L. tropica is the dominant causative species for cutaneous leishmaniasis in Quchan. This study identified a new rural focus for cutaneous leishmaniasis caused by L. tropica in Quchan suburbs.

1. Background

Cutaneous Leishmaniasis (CL) is among the neglected endemic diseases of America, Africa, India, southwest Asia and the Mediterranean (1). Nowadays, 12 million people in the world suffer from this disease. The annual incidence of leishmaniasis in the world is estimated at 1 to 1.5 million. Iran is one of the ten countries in which cutaneous leishmaniasis has constantly been reported to have a high prevalence (2). About 20,000 cases of leishmaniasis are reported annually in this country, but the actual prevalence of the disease appears to be four to five times higher. The prevalence of infection has been reported as 1.8% to 37.9% in different provinces of Iran (3). Cutaneous leishmaniasis has two forms, including Anthroponotic Cutaneous Leishmaniasis (ACL), which is caused by Leishmania tropica (L. tropica), and Zoonotic Cutaneous Leishmaniasis (ZCL), which is caused by Leishmania major (L. major). L. tropica is transmitted to human beings by the bite of infected female Phlebotomus sergenti. Phlebotomus papatasi, the most prevalent species of the Phlebotomus genus, is the only known vector of L. major (4). The identification and characterization of different species of leishmaniasis is one of the main factors involved in the prevention and control of this disease. Determining the dominant strain in each region has applications in the pharmaceutical industry, vaccination and the production of antigens for disease diagnosis (5).

2. Objectives

The present study is the first conducted to determine the epidemiological aspects of CL in Quchan, northeastern Iran, and has been carried out in 2017.

3. Methods

3.1. Study Area

This cross-sectional study was carried out in Quchan (37.1293º N, 58.4744º E) with a population of 96,953, consisting of 25,066 families (Figure 1).

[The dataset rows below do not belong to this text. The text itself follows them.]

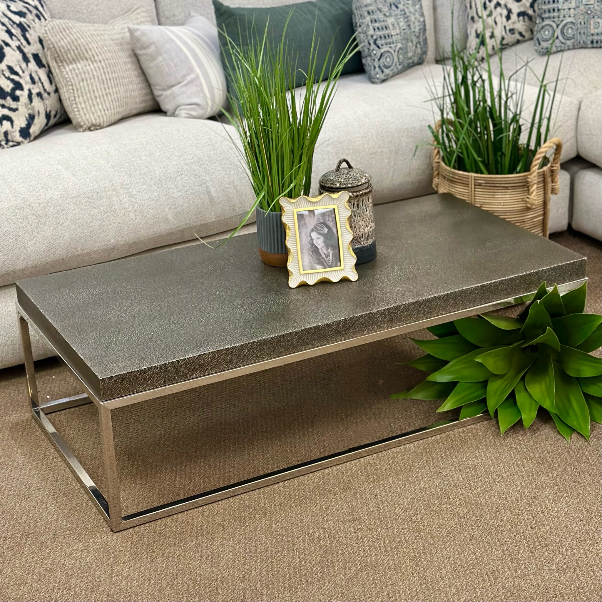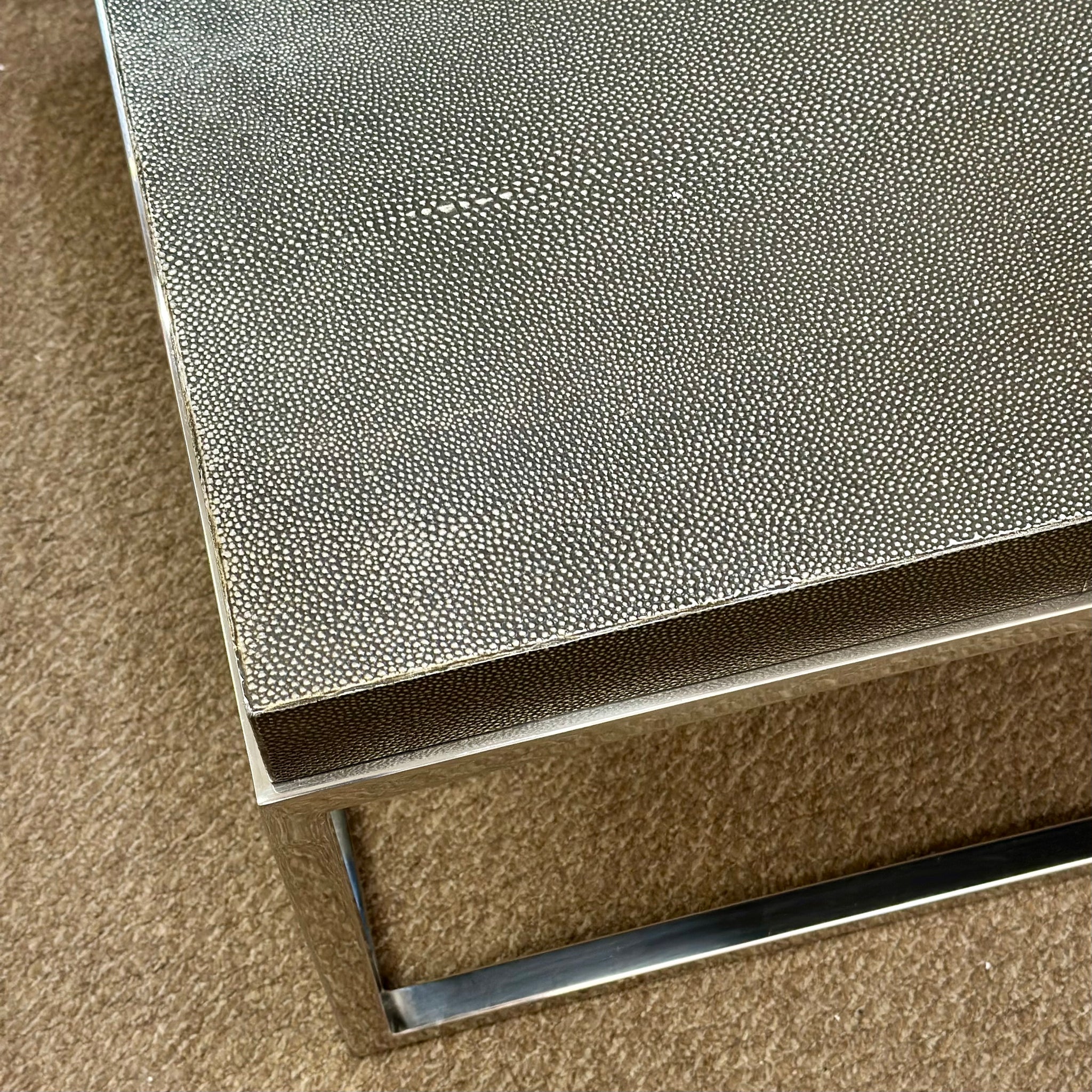 Elevate your space with this stunning coffee table by Restoration Hardware. Features a graphite shagreen top and a chrome metal base. In great condition with some minor finish blemishes. Similar ones retail for $1695+, our price less!
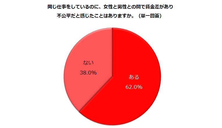 1.女性と男性との間で賃金差があり不公平だと感じたこと「ある」62.0%
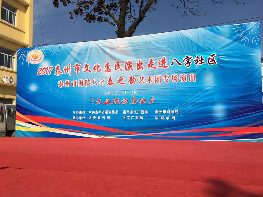 海陵春之韵艺术团走进城中街道八字社区,9月28日下午3点半,春之韵艺术团在八字社区7天连锁酒店惠民演出。二十人的乐队,中西合璧,奏出江南丝竹的优美和电声管乐的气势。一百多名观众欣赏了器乐合奏、独奏、歌曲、戏曲和舞蹈。表演者充分展示才气,观众兴高采烈。整台演出90多分钟,在欢呼和掌声中结束。
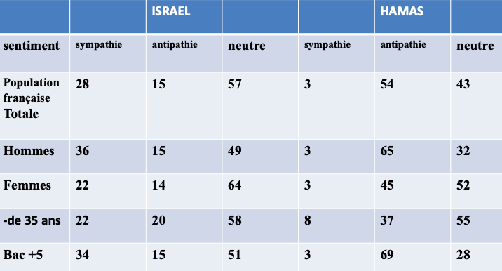 Ce sondage conduit à un moment où les passions étaient déjà bien présentes donne quelques pistes. Les Français dans leur majorité marquent une indécision sur quoi penser des parties en présence, sans doute parce que la complexité des enjeux implique une connaissance approfondie de l’histoire des relations entre Israéliens et Palestiniens et permet difficilement de prendre fait et cause catégoriquement et sans nuances pour l’une des parties. Il serait faux de dire que les Français sont engagés dans les passions du Moyen-Orient. 57% des sondés sont neutres ou se disent pas assez informés vis-à-vis d’Israël comme État, 52 % le sont vis-à-vis de l’Autorité palestinienne, et 43% le sont vis-à-vis du Hamas. Globalement ce dernier est largement rejeté (3% de sympathie pour l’ensemble des sondés, 54% d’antipathie) alors qu’Israël bénéficie d’une image plus favorable (28% de sympathie, et 15% d’antipathie). La difficulté à prendre position est plus marquée chez les femmes que chez les hommes : ces derniers apparaissent plus facilement favorables à Israël (36% de sympathie), en contraste des femmes, assez tièdes (22% de sympathie).
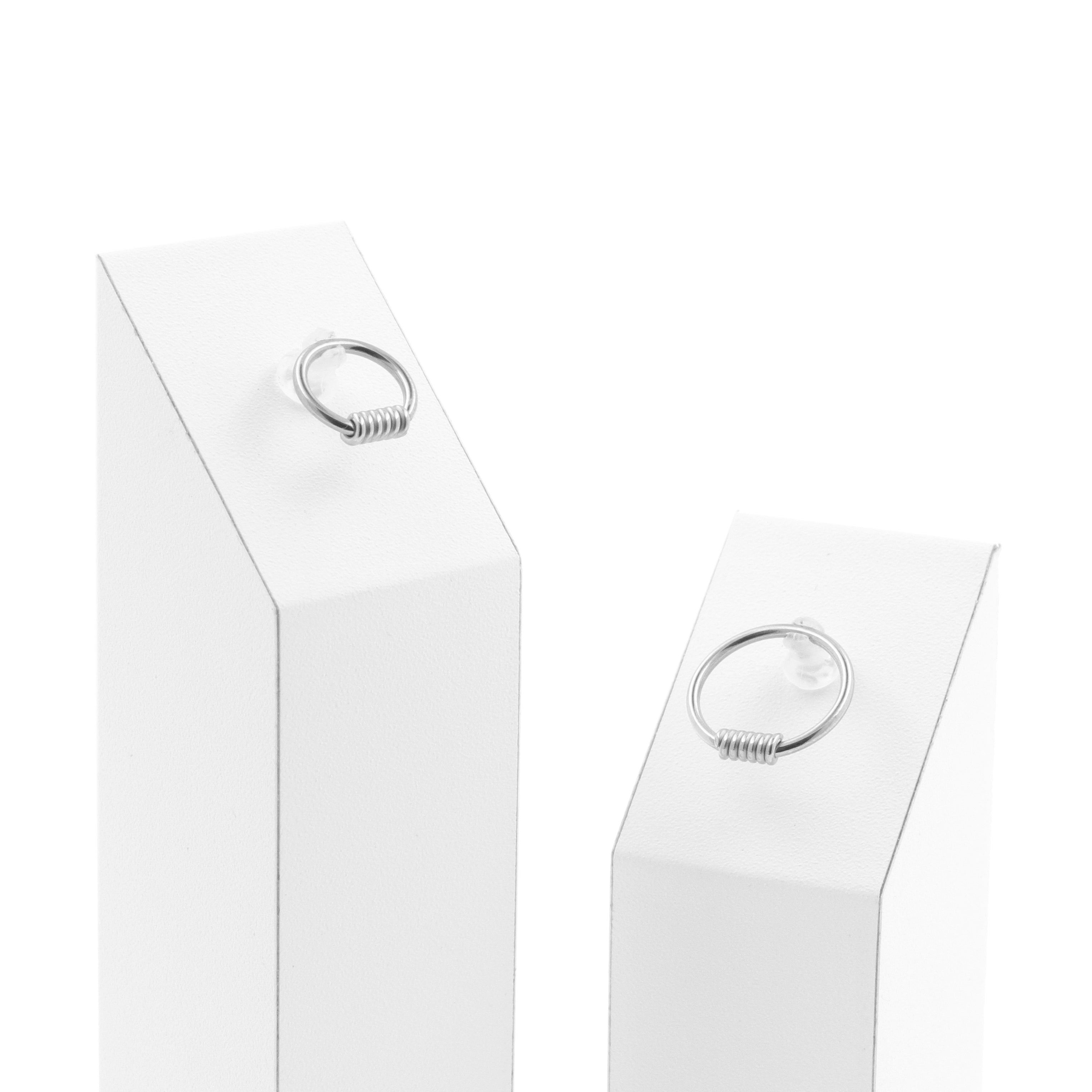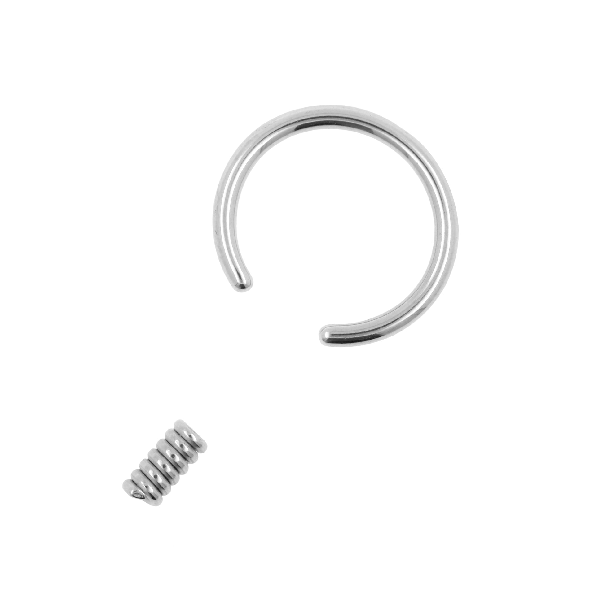 Scroll ring van chirurgisch staal met rolvormige sluiting die over de uiteinden glijdt. Eenvoudig met de hand te openen, stevig en comfortabel.

Quchan, where the present study was carried out, marked in pink. All cities along the border with Quchan are shown on the map. * L. tropica is the dominant species, #L. major is the dominant species, ΔL. infantum is the dominant species
Quchan, where the present study was carried out, marked in pink. All cities along the border with Quchan are shown on the map. * L. tropica is the dominant species, #L. major is the dominant species, ΔL. infantum is the dominant species

3.2. Patients

This study was conducted in collaboration between Mashhad University of Medical Sciences and the health centers of Quchan in 2017. One-hundred three individuals who had at least one skin ulcer and presented to medical centers were included in this study. Scraping was performed for the direct examination of the edge of each skin lesion using a sterile scalpel after obtaining informed consent and completing a questionnaire.

3.3. PCR

After preparing direct Giemsa stained smears, all the slides were scrapped for DNA extraction (GeNet Bio, Korea). Polymerase chain reaction was performed with specific primers of kDNA pattern as F: 5’-TCGCAGAACGCCCCTACC-3’ and R: 5’-AGGGGTTGGTGTAAAATAGG-3’ (Tuba-Negin, Iran), which produced a 615-bp fragment for L. major and 744-bp fragment for L. tropica (6). PCR was performed as initial denaturation for 5 min at 95ºC, followed by 38 cycles of 94ºC for 30 s, 60ºC for 45 s and 72ºC for 60 s, ending with a final extension at 72ºC for 7 min. In each round of PCR, two standard L. major samples (strain: MRHO/IR/75/ER) and L. tropica (strain: MHOM/01/IR/YAZA) were used as a positive control and distilled water as the negative control. Data were analyzed in SPSS-20 (SPSS Inc., Chicago, IL, USA) using the chi-square test.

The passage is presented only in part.